Do you think sheep tights would work for keeping a goat clean? The legs are still exposed, but most of the goat would be covered.


----------



## goatgirlzCA

A friend of mine bought a blower that is smaller (actually labeled for dogs) and uses it on her dairy goats. I would check around and see if you can find one. They are very useful - we use ours at shows even to just blow any dirt, etc., out without washing.


----------



## Dani-1995

Stacykins said:


> Do you think sheep tights would work for keeping a goat clean? The legs are still exposed, but most of the goat would be covered.


I don't like these for wethers. I prefer blankets that hang off... these make the hair look weird and I was told they made them handle funny... forgot why but that's what I was told.


----------



## Dani-1995

Sullivan's sells refurbished blowers. I'd also check craigslist... with you being in horse country you might have a good shot at finding a used one. We were given a broken one for farm sitting and fixed it for 10 bucks. You may also try a wanted add.


----------



## farmgirl631

I am looking for 1 also but I don't want to spend the money and I can't find any used ones! Any alternatives?


----------



## Dani-1995

I used a shop vac attachment that was supposed to be a leaf blower before I got mine... when it comes off it blows instead of sucking like it normally would. It took a little while to get done but it worked good enough.


----------



## HoosierShadow

Well with the kids sick goats - having to buy meds, I just don't have the extra $$ for this  But...I do have a shop vac, haha... 
The kids may just end up towel drying them and spraying on show sheen like they did last year.


----------



## Dani-1995

HoosierShadow said:


> Well with the kids sick goats - having to buy meds, I just don't have the extra $$ for this  But...I do have a shop vac, haha...
> The kids may just end up towel drying them and spraying on show sheen like they did last year.

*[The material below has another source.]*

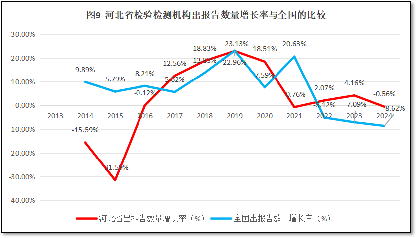 河北省检验检测机构出具报告数量的增长率与全国检验检测机构出具报告增长率的比较,如图9所示。

Does your shop vac have the removable attachment on top? Its supposed to have a hose or pipe that can connect ti it for a leaf blower but I left it off so it would blow harder.


----------



## HoosierShadow

Dani-1995 said:


> Does your shop vac have the removable attachment on top? Its supposed to have a hose or pipe that can connect ti it for a leaf blower but I left it off so it would blow harder.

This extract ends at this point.